▶ EXERCISE REQUIREMENTS
Should the listing contain images, exclude them; give the rest again exactly.

┏━━

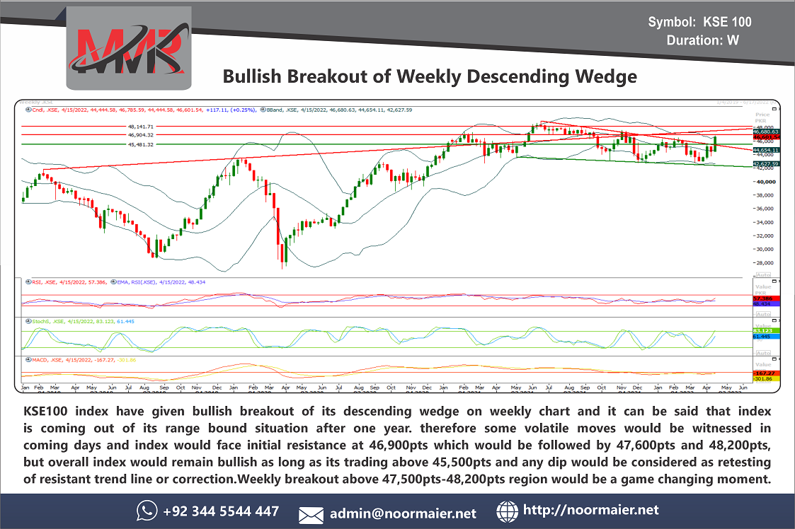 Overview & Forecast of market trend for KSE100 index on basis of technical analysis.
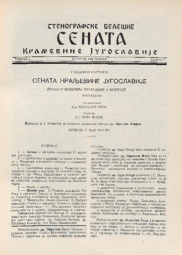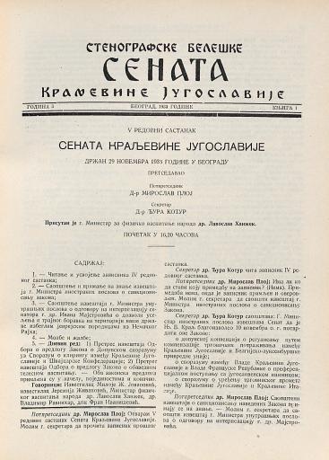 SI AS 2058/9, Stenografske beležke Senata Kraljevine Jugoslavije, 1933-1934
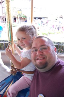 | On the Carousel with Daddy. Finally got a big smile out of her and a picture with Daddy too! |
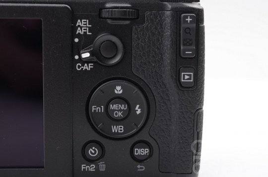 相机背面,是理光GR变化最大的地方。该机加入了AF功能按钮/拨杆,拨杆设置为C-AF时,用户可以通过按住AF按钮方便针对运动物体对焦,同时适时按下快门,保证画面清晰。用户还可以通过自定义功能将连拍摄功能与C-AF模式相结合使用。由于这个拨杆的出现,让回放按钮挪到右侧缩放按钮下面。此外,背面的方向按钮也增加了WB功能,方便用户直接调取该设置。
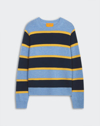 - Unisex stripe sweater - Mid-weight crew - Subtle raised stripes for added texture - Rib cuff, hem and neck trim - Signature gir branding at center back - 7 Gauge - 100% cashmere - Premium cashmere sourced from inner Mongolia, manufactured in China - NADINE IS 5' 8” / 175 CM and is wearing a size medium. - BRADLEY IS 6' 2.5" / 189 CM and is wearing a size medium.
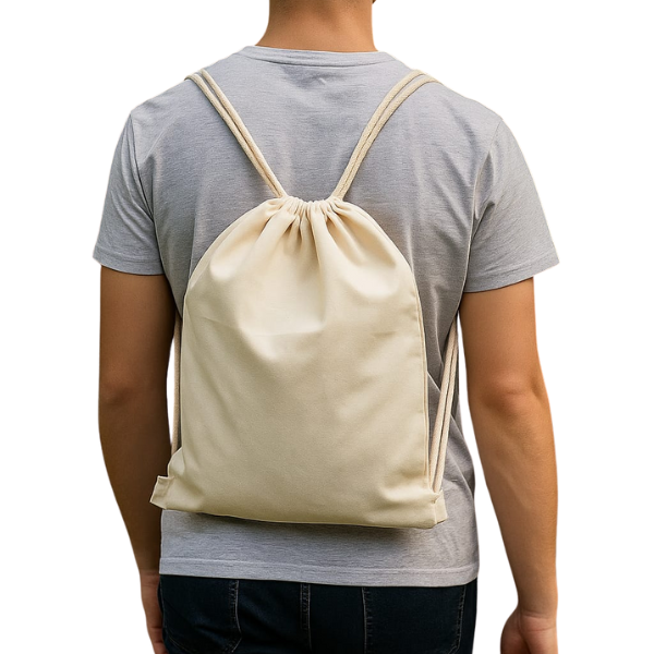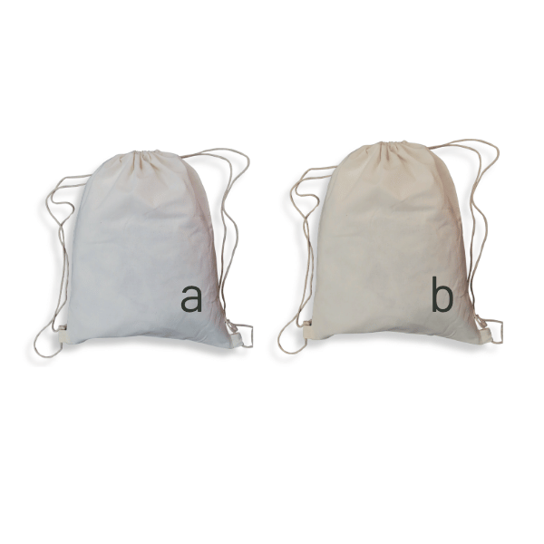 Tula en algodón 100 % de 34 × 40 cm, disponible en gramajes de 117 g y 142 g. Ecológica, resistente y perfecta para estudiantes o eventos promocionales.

┗━━

▶ ANSWER TO THIS EXERCISE
 Overview & Forecast of market trend for KSE100 index on basis of technical analysis.
 SI AS 2058/9, Stenografske beležke Senata Kraljevine Jugoslavije, 1933-1934
 | On the Carousel with Daddy. Finally got a big smile out of her and a picture with Daddy too! |
 相机背面,是理光GR变化最大的地方。该机加入了AF功能按钮/拨杆,拨杆设置为C-AF时,用户可以通过按住AF按钮方便针对运动物体对焦,同时适时按下快门,保证画面清晰。用户还可以通过自定义功能将连拍摄功能与C-AF模式相结合使用。由于这个拨杆的出现,让回放按钮挪到右侧缩放按钮下面。此外,背面的方向按钮也增加了WB功能,方便用户直接调取该设置。
 - Unisex stripe sweater - Mid-weight crew - Subtle raised stripes for added texture - Rib cuff, hem and neck trim - Signature gir branding at center back - 7 Gauge - 100% cashmere - Premium cashmere sourced from inner Mongolia, manufactured in China - NADINE IS 5' 8” / 175 CM and is wearing a size medium. - BRADLEY IS 6' 2.5" / 189 CM and is wearing a size medium.
 Tula en algodón 100 % de 34 × 40 cm, disponible en gramajes de 117 g y 142 g. Ecológica, resistente y perfecta para estudiantes o eventos promocionales.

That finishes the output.